Working an emergency was an adventure, a welcome change from the daily routine with sleeves rolled up and neckties loosened. The hours were long but there was a lot of friendly banter, plenty of coffee and food. Especially food. 

Whenever the emergency operating center was activated, the first order of business after the phones were connected was to bring in food. On one occasion the center was activated on a Sunday and the only snack available on short notice was an assortment of cookies from an upscale bakery: fancy, dainty cookies suitable for a ladies’ tea party. The guy responsible for the food got a lot of kidding about the effete cookies. The next time the center was activated he was ready with husky sandwiches and fist-sized cookies. 
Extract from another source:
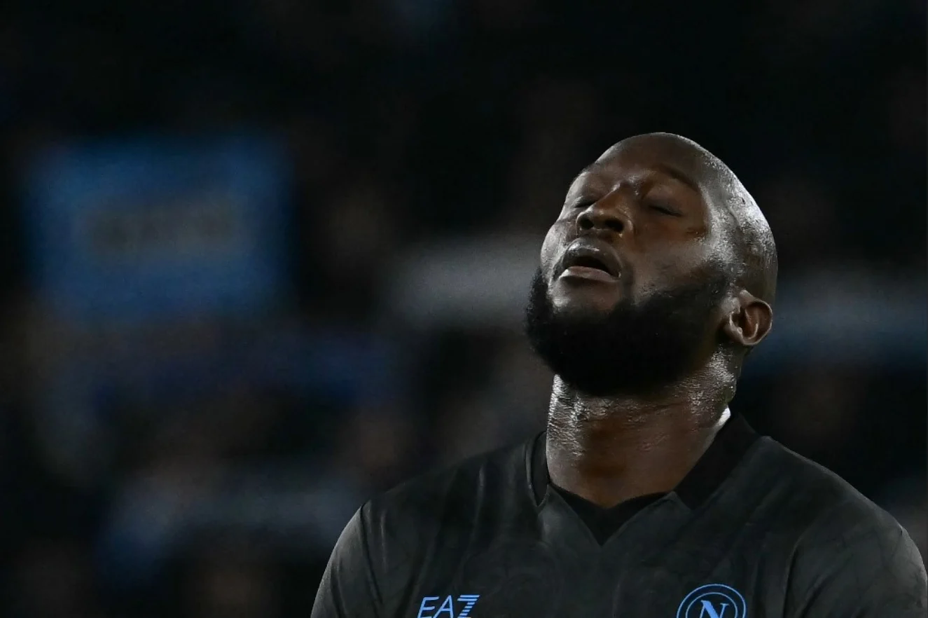 Napoli's Belgian forward #11 Romelu Lukaku reacts at the end of the Italian Serie A football match between Lazio and Napoli at the Olympic Stadium in Rome on February 15, 2025. (Photo by Filippo MONTEFORTE / AFP)

I participated in another kind of war room when Unilever merged pieces of three companies into a foodservice business unit. The transition team, with representatives of all three companies and consultants, spent several months around a series of tables in a vacant warehouse with phone wires and computer cables dangling from the ceiling. I shared a table with a woman from Puerto Rico who cursed at her computer in Spanish and a guy from Canada who chatted on the phone in French with the Montreal office. 

When Ameritech sponsored the annual Senior Open golf tournament, company managers set up a war room at the country club to coordinate every aspect of the tournament, from arranging transportation and lodging for the golf pros to organizing events for customers. The operation was so efficient that some of us asked, only partly in jest, if we could run the entire company this way.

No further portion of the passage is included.